When operating cloud infrastructure, the battle against “repetition” is unavoidable. The need to build similar yet subtly different network environments across multiple stages like development, staging, and production is a challenge every server engineer faces. While manually configuring VPCs, subnets, and routing tables in the AWS console might seem intuitive at first, the potential for error grows exponentially as the scale increases. Tracking change history or reproducing an identical environment becomes nearly impossible.

This is where IaC (Infrastructure as Code) comes to the rescue, with Terraform at its core.
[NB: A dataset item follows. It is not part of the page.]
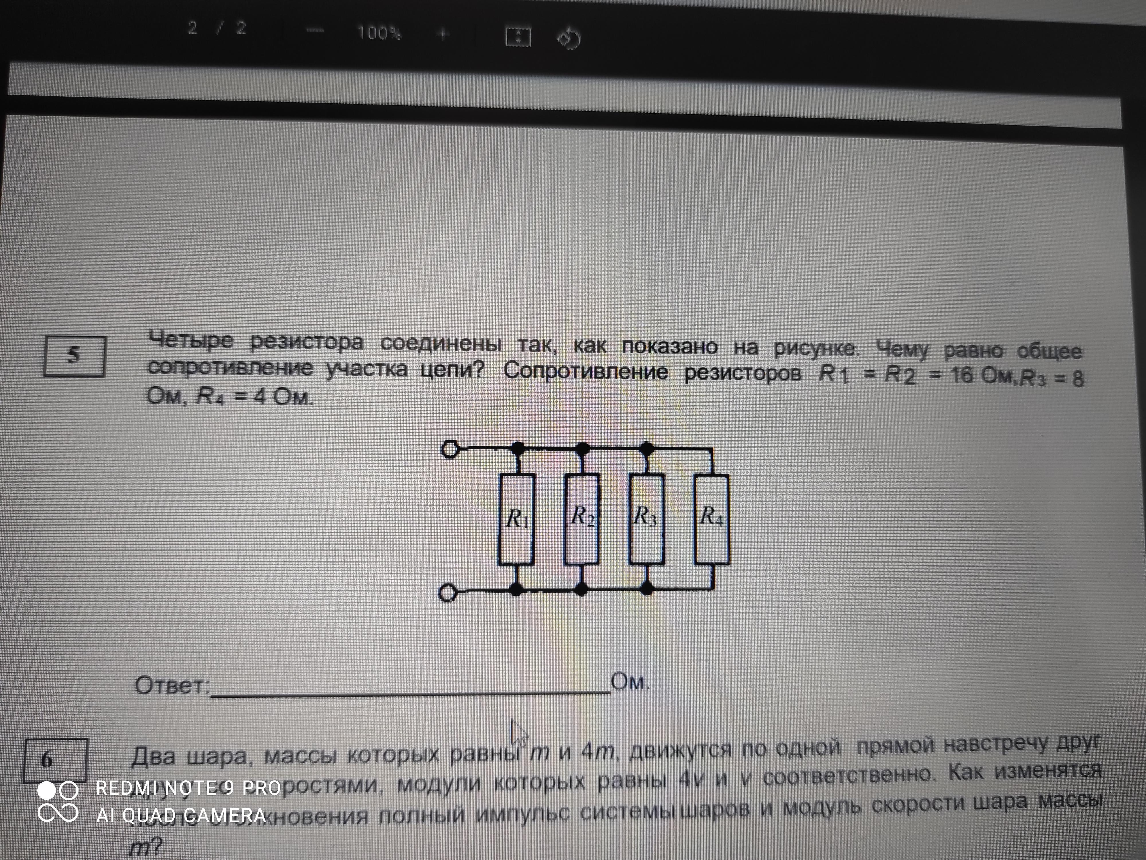 Общее сопротивление = 2 Ом так как:

Terraform allows you to define infrastructure as code, version control it, and provision it in an automated fashion. However, simply dumping all your resources into one giant .tf file only leads to another management nightmare. As code becomes long and complex, readability suffers, and reusing specific parts becomes difficult. The true value of IaC shines through ‘modularization’. A well-designed Terraform module, much like a well-written function in a programming language, abstracts complex infrastructure components into concise, reusable forms.

In this post, we will take a deep dive into building a complete VPC (Virtual Private Cloud), the foundation of all AWS infrastructure, as a Terraform module. We will go beyond simply listing resources to implement a high-availability architecture required for production environments as code. We will also present practical code and best practices on how to design it as a reusable module. Through this article, you will break free from the shackles of manual work and acquire the core competency to build stable, scalable cloud infrastructure.
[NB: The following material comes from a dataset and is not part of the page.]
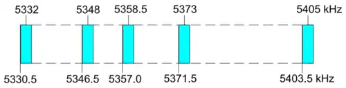 It does not require stations to adopt the USB dial frequencies of 5354, 5357, 5360 and 5363 kHz but these frequencies provide a good fit with the American channel on 5357 kHz, and UK stations which can use 5354 and 5363 kHz but not 5360 kHz.[8] Also, it is only by using these exact frequencies that there will be enough room for four simultaneous SSB conversations without mutual interference, assuming the 2.8 kHz de facto standard bandwidth of typical SSB transceivers.

Building a Production-Ready AWS VPC with Terraform Modules

© AI Generated Image


Background and Problem Definition: Why is VPC Modularization Essential?

The first step to deploying an application in a cloud environment is always to configure the network infrastructure, the VPC. A production-grade VPC isn’t just about allocating a network range; it must satisfy complex requirements such as:

  • High Availability: Resources must be distributed across multiple Availability Zones (AZs) to prepare for failures.
  • Security: Public Subnets, which communicate directly with the internet, must be separated from Private Subnets for internal services and databases.
  • Network Connectivity: A NAT Gateway must be configured to allow resources in private subnets to communicate with the outside world (e.g., package repositories).
  • Routing Policies: Sophisticated Route Tables are needed to control the traffic flow for each subnet.

If you manage these components manually or with copy-pasted Terraform code for each environment (dev, staging, prod), you’ll face problems like outages due to minor configuration differences or difficulty in applying common security policies universally. Terraform modularization is the clear solution to these issues. By encapsulating all the logic for creating a VPC into a single, independent ‘module’, you can configure your infrastructure by simply calling this module with the necessary parameters (e.g., VPC CIDR, number of subnets) for each environment.

This approach offers the following benefits:

  1. Reusability: A single, well-crafted VPC module can be used to quickly deploy consistent networks across multiple projects and environments.
  2. Maintainability: When the VPC network structure needs to be changed, you only need to modify the module code, and the changes can be applied to all environments using it at once.
  3. Readability: The root Terraform code becomes very concise, like module "production_vpc" {...}, making it easy to grasp the overall infrastructure architecture.

Now, let’s define a production-grade VPC architecture and walk through the step-by-step process of implementing it as a reusable Terraform module.

Core Architecture and Principles: Production VPC and Terraform Module Structure

The VPC we will build follows a standard production structure capable of supporting a typical 3-Tier architecture.

  • VPC: A private IP address space with a /16 block.
  • Availability Zones (AZs): Resources distributed across at least two AZs.
  • Public Subnets: One per AZ. Connected to an Internet Gateway, allowing two-way communication with the internet. (e.g., Web Servers, Bastion Hosts, ALB/NLB).
  • Private Subnets: One per AZ. Only outbound communication to the internet is allowed through a NAT Gateway. (e.g., Application Servers, DBs).
  • Internet Gateway (IGW): Manages communication between the VPC and the internet.
  • NAT Gateway: One placed in the public subnet of each AZ. Serves as a gateway for resources in private subnets to access the internet. Created per AZ for high availability.
  • Route Tables: Separate route tables for public and private subnets to control traffic.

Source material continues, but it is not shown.